Volume Number: 25 (2009)
Issue Number: 02
Column Tag: Mac in the Shell

Mac in the Shell: Learning Python on the Mac: Functions

Modularizing and simplifying your code

by Edward Marczak

We've been learning Python on the Mac and have so far covered the basics. We need to introduce a little more foundation this month. Functions-in any language-allow the author to create reusable blocks of code. This is important from a few perspectives: code reuse, the ability to refactor easily and debugging. Functions lead to building libraries, both of which are critical concepts to becoming an effective Python programmer and part of an essential foundation for creating an OS X utility or application.
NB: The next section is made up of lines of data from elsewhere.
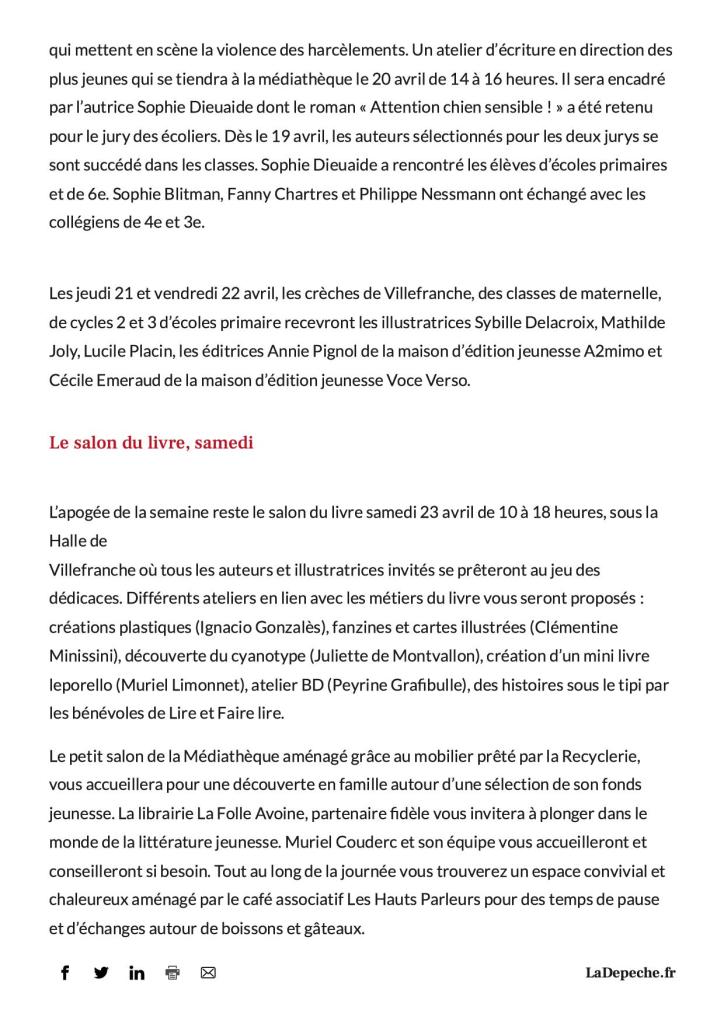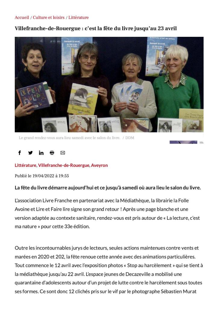 Article paru dans La DEPECHE DU 19/04/2022 concernant le Salon du livre dont La Folle Avoine est partenaire.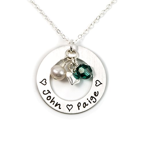 -. Title : Love Display with Personalized Sterling Silver Round Washer, Hand Finished. Includes up to 4 Swarovski Birthstones or Pearls, and a choice of Sterling Silver Chain. Perfect Gift for Her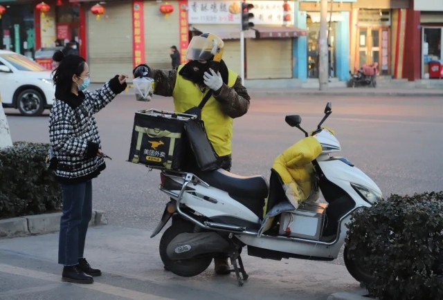 2022年1月1日,在甘肃省平凉市崆峒区中心城区街道,一名外卖小哥给市民送早餐。新华网发 吴希会 摄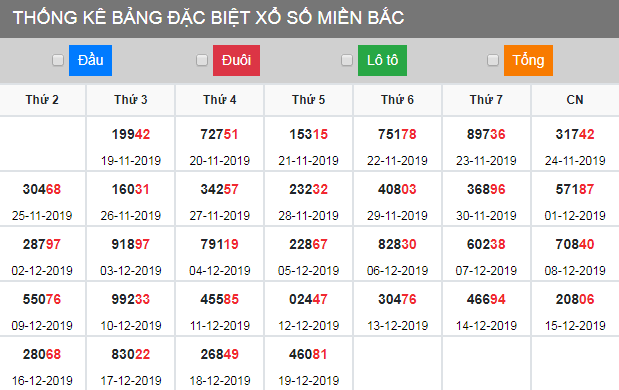 Thống kê đặc biệt tuần XSMB 20/12/2019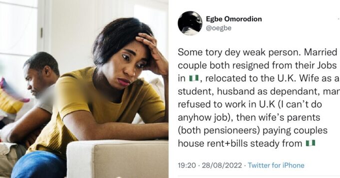 “Some tory dey weak person. Married couple both resigned from their Jobs in , relocated to the U.K. Wife as a student, husband as dependant, man refused to work in U.K (I can’t do anyhow job), then wife’s parents (both pensioneers) paying couples house rent+bills steady from Nigeria”.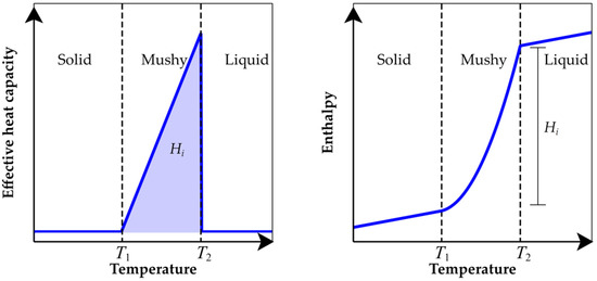 The concept of effective specific heat capacity is commonly used in building materials engineering as it allows involving latent thermal processes without a necessity of model extension, but just by a modification of input material properties. The values of effective specific heat capacity are then usually higher as their physical nature, but, in the field of computational modeling, they can be exploited very efficiently. An example of determination of such a parameter can be found, e.g., in the research presented by Lakatos and Trnik [30], who introduced the effective specific heat capacity of an aerogel blanket to incorporate thermal processes related to thermal annealing.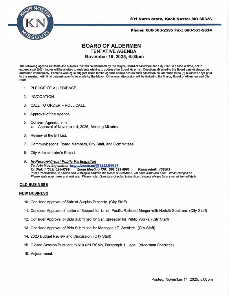 Board of Aldermen Tentative Agenda November 18, 2025 6:00 PM
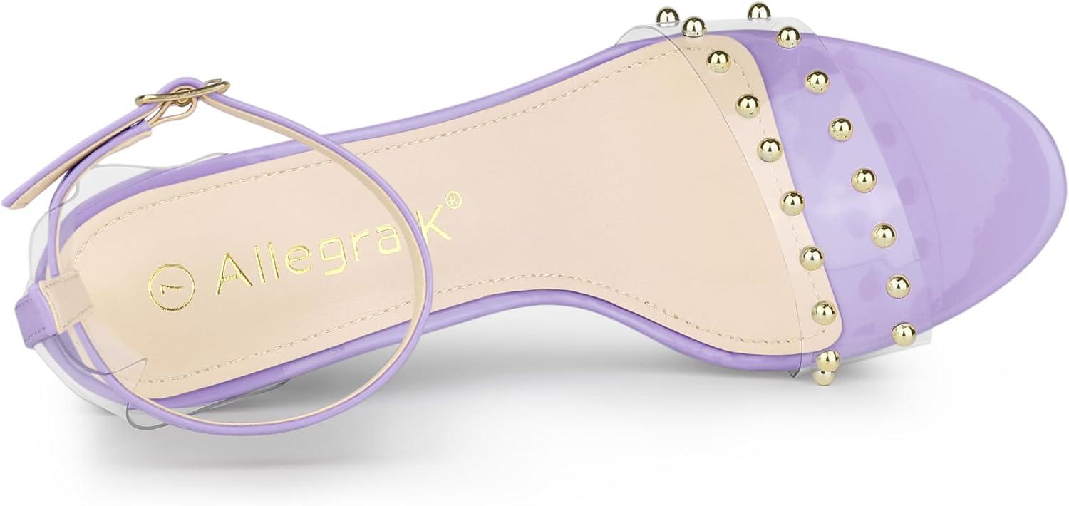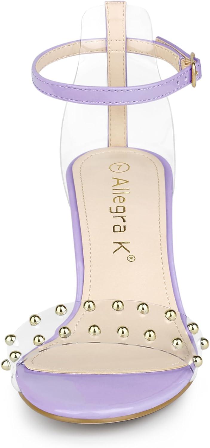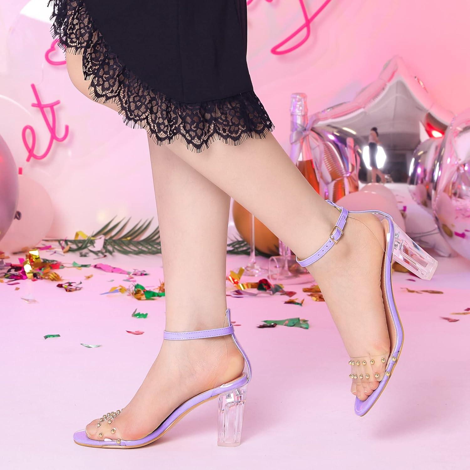 Allegra K Women’s Clear Block Heel Ankle Strap Heeled Sandals(Light Purple)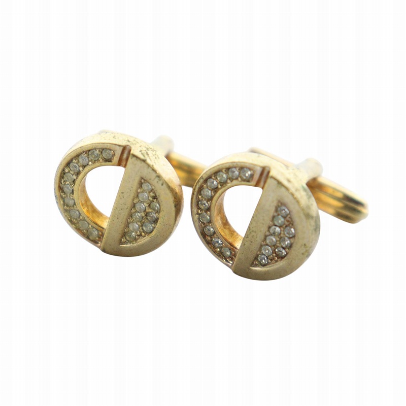 クリスチャンディオール Christian Dior カフスボタン アクセサリー CD ロゴ ラインストーン ゴールド色 ■GY18 /MQ ■OH メンズ

Let's get started. Like variables, functions don't need to be defined before use. Need a function? Just define it. Similarly, functions may be defined anywhere in the source file, and in any order. Since a function defines a code block, the rules of indentation apply: choose spaces or tabs (trying to be consistent with the style you use in the rest of your code) and indent the entire function. Here's an example:

#!/usr/bin/env python
def SayHello():
  print "Hello"
SayHello()

This short program simply prints "Hello." Not too exciting, and it really could have been accomplished in one line. But it does help illustrate the basics: A function is created by using the def keyword, supplying a function name-unique to this source file-followed by parenthesis and terminated with a colon character. The lines following need to be consistently indented; the first line that lowers the indentation level ends the code block that comprises the function. The previous example is really as simple as it can get. Let's look at something a little more useful: a function definition that prints the square of a number passed into it.

def Square(number):
  print number,"squared is",number ** 2

Once defined, this function can be called as many times as you have need, individually, or in a loop:

for i in range(1,6):
  Square(i)

This will produce:

1 squared is 1
2 squared is 4
3 squared is 9
4 squared is 16
5 squared is 25

However, there's a problem with this function. What if we only want to compute the value of a square and keep it for later, rather than print it out? That's where the return keyword comes in. return sends a value back to the caller. So, our Square() function could be rewritten like this:

def Square(number):
  return number ** 2

and would need to be called like this:

x = Square(44)

or, used in-line like this:

print "The square of 78 is %d." % (Square(78))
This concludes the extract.